2018 AIChE Annual Meeting
(358e) Distribution Reconstruction from Moments Via Orthogonal Polynomials
Author
It would be highly desirable to use a modified-gamma distribution as the weight function for a set of orthogonal polynomials for reconstructing these distributions so that the role of the higher polynomials is merely to capture the perturbations. In the prior work, in which the polynomials were expanded directly in the usual scaled size variable, it was not possible to derive orthogonal polynomials with a modified-gamma weight function. Instead a normalized gamma distribution weight function was used which resulted in a set of modified-Laguerre polynomials that proved superior to the conventional ones. Examples of successful reconstructions for collisional growth similarity solutions were exhibited over a range of kernel parameters and compared to solutions via sectional models.

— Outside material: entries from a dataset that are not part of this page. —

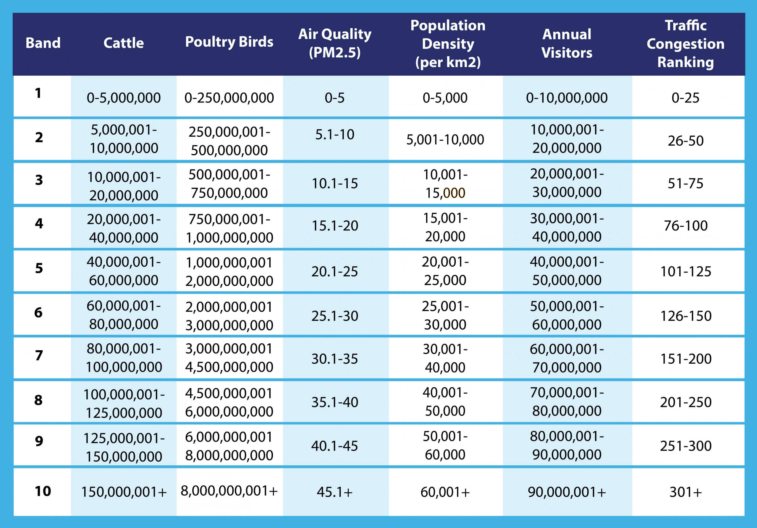 In order to calculate these bands, objective data ranges were created that represent the current component sizes for each city while allowing room for growth in the future. Band ranges are increased to larger amounts at certain points as the bands get higher to allow for scaling of the data. The number of bands can extend beyond ten where needed, based on the continuous ascending value pattern. In order to represent components with a lower effect on air quality based on the research in this article, some bands have a wider range which reduces the effect on the overall score.
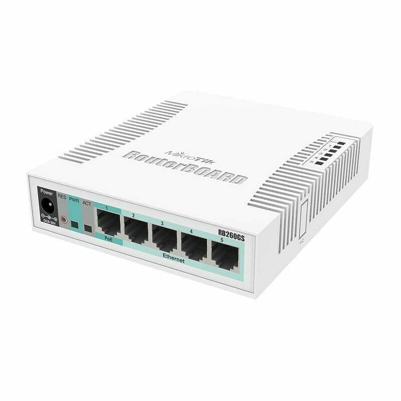 The RB260GS is a small SOHO switch. It has five Gigabit Ethernet ports and one SFP cage powered by an Atheros Switch Chip.
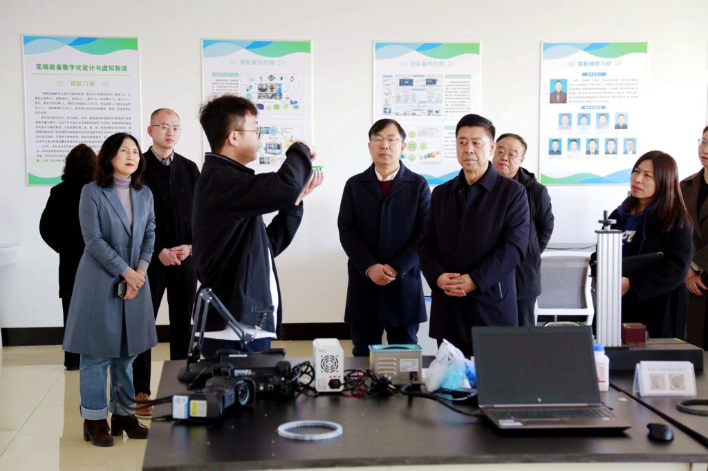 调研组一行深入我校日新大厦“黑龙江省智能制造装备产业化协同创新中心”和“黑龙江省精密制造装备及工业感知工程技术研究中心”,机电工程学院院长徐凤霞详细介绍了相关科研平台建设历程、核心人才梯队及区域科研服务成果,吴志东对所在科研团队服务省4567现代产业体系、推动“环tyc1286太阳集团创新创业生态圈”建设和双创特色党支部的建设与发展进行了具体介绍。

While these gamma-weighted polynomials gave better reconstructions of general modified-gamma forms than the regular Laguerre polynomials, they were still not fully satisfactory over the entire range of possible modified-gamma parameters. Furthermore, for similarity solutions to breakage problems that are perturbed from modified-gamma forms, the modified-Laguerre polynomials fail to give good reconstructions.
In this update, a change of variable is employed that converts a normalized modified-gamma distribution into the form of the weight function of the ordinary Laguerre polynomials. With the polynomials expanded in this transformed variable, the reconstructions are now exact for all modified-gamma distributions and the range of applicability of the reconstruction technique is greatly expanded to now include solutions over a broad range of mechanisms and conditions.